Just past Stella Point 5730m I meet some other members of the group and take a rest until we are all there and can reach the final summit together as a team. I sit down and try and eat something for energy but my mouth is so dry and I don’t even have the energy to chew, my cereal bar is frozen anyway. I could easily just go to sleep here.
We move off as a group to Uhuru Peak. I thought I was exhausted before, now I am even more so, maybe I shouldn’t have stopped. However, I am determined to make it, so trudge onwards, one foot in front of the other, it's like walking in quicksand. We are all doing and thinking the same. After what must be the longest hour in my life, I am finally standing next to the famous sign. It might all be a bit of a blur and my body is screaming at me, but I made it. We summited at approx. 0645.
There are hugs and tears at the top and suddenly the pain is all forgotten – until you try to move again of course. 19 of us, including Jenny and Geordie, have all made it to the Roof of Africa. We are all so proud of each other and a team photograph is in order. It’s fight to get your photo taken at the sign but we proudly hold up our Marie Curie banner thinking of our team mates further down the mountain and every person that has ever needed the care and support of this fantastic charity.
It’s stunning up here. The glaciers are huge; it’s a shame to think they are predicted to have disappeared by 2020, the sky is postcard perfect and the crater is immense. During the brief moment of taking it all I can just make out the curvature of the earth. But this beautiful environment is also a harsh one; I want to stay longer but we need to descend as fast as we can.
Battles have been won, now we need to get back down to Kibo, and then walk for another 4-5 hours on to the next camp at Horombo Hut before dusk.

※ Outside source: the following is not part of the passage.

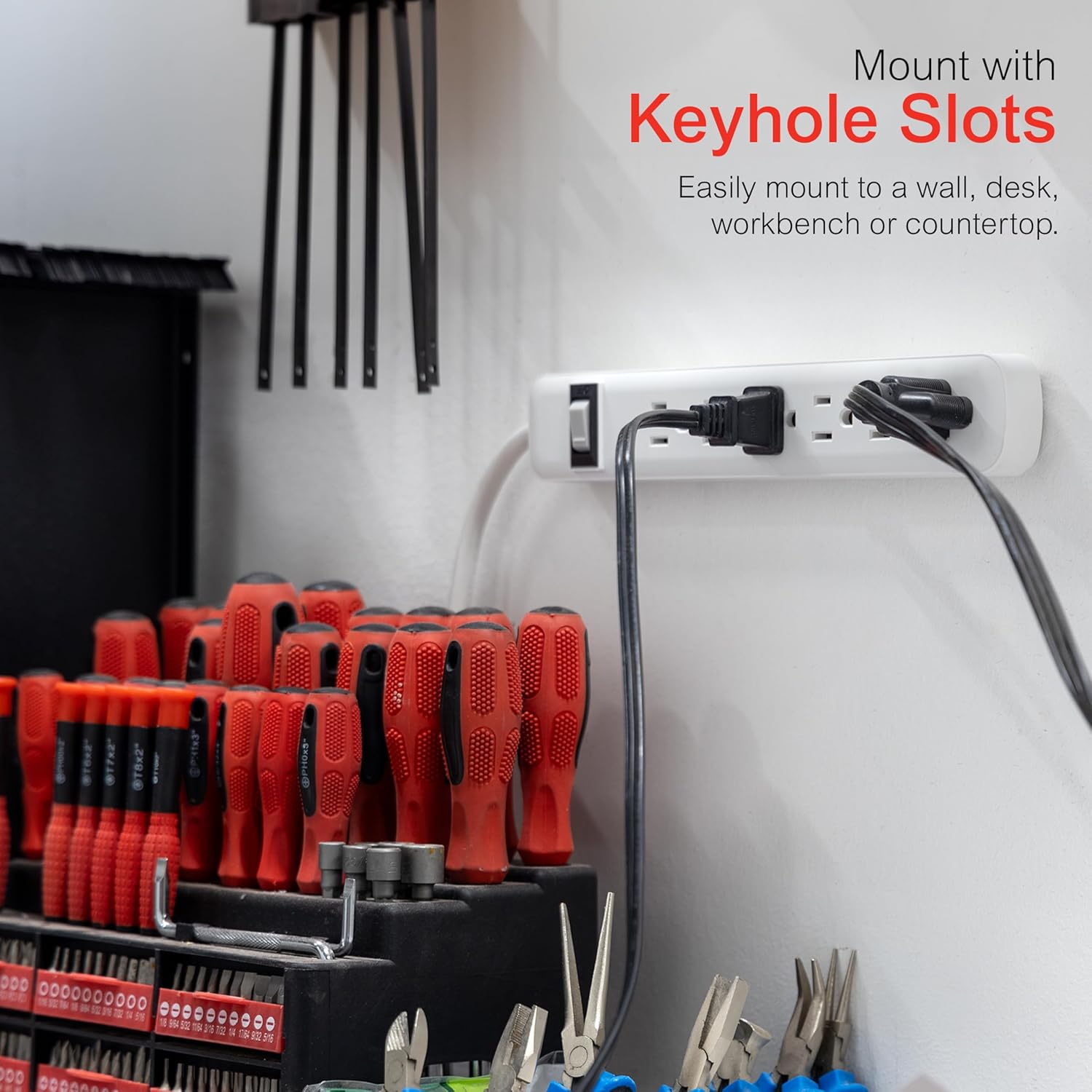 Functionality: Included keyhole slots make this unit easy to mount on a desk, table or counter; The reset switch puts power at your fingertips for easy control of your electronic devices.

I remember the summit perfectly, how can you not remember seeing something so out of this world, but coming down was a blur, it must have the lack of oxygen. We descended the way we came, but the scree was much looser due to the slight rise in temperature. Climbing back down the boulders at Gilmans Point I make the mistake I sitting down, I just want to sleep, I have nothing left to give.
A guide links arms with me and we scree run. I couldn’t have done it without him. We descend for what seems like hours, (I’m sure it wasn’t), but the camp wasn’t getting any closer. All I can think about is sleeping. I tell him I need a rest, there are rocks falling from above and someone nearby gets hit, he's ok but this highlights what a harsh environment we are in, I don’t care, my body is saying no and screaming at me to stop. It’s at this point that Geordie and Jenny catch up with me. Geordie gives me some food and Jenny gives me a steroid tablet. These start to kick in and I feel a bit better and start walking again.

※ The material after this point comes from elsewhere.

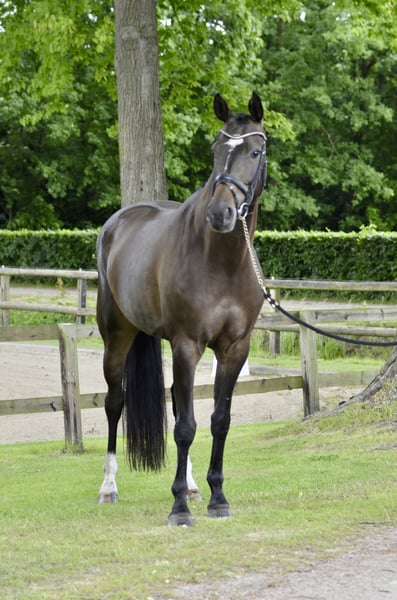 Träumst du von einer Dressurkarriere auf höherem Niveau? Dann ist Nirvana (For Gribaldi x Trento B) genau das Richtige für dich. Sie stammt aus einer sehr sportlichen Linie, aus der mehrere Pferde auf hohem Niveau im (internationalen) Sport aktiv sind. Ihr Vollbruder läuft erfolgreich in der Klasse Lichte Tour unter Jill Huijbregts. Eine Vollschwester wurde im Alter von drei Jahren auf einer Auktion an Diederik van Silfhout verkauft. Auch Nirvana scheint mit ihrem Talent zum Sammeln das Potenzial zu haben, nach oben zu kommen. Derzeit ist sie in M2 eingetragen, kennt aber Übungen für eine höhere Klasse, bei denen sie einen grünen Wechsel springt. Sie ist nicht für Anfänger geeignet und benötigt einen selbstbewussten Reiter. Mit drei Jahren wurde sie klinisch und röntgenologisch gründlich untersucht und freigegeben. Verkaufspreis 18.000 Euro.

I see other members of our team descending too, it’s good to see them. There are also a lot of others descending; all those headtorches from early this morning. Most also being helped by guides and no one looks happy or well.
Finally I reach Kibo, greeted by Lisa and her camera! Lisa has had strict instructions from Jenny to get me into the tent to rest; I’m not arguing, even if I had the strength to.
We’ve never felt complete exhaustion like that before; it takes every last bit of physical and emotional energy you have, and then all your reserves, and then some more. You would think the sense of achievement of getting to a summit would negate the exhaustion; it doesn’t, its overwhelming, but we are sure it will in a few days. It’s a strange and very personal feeling that is hard to convey to anyone other than those that have been through the same experience.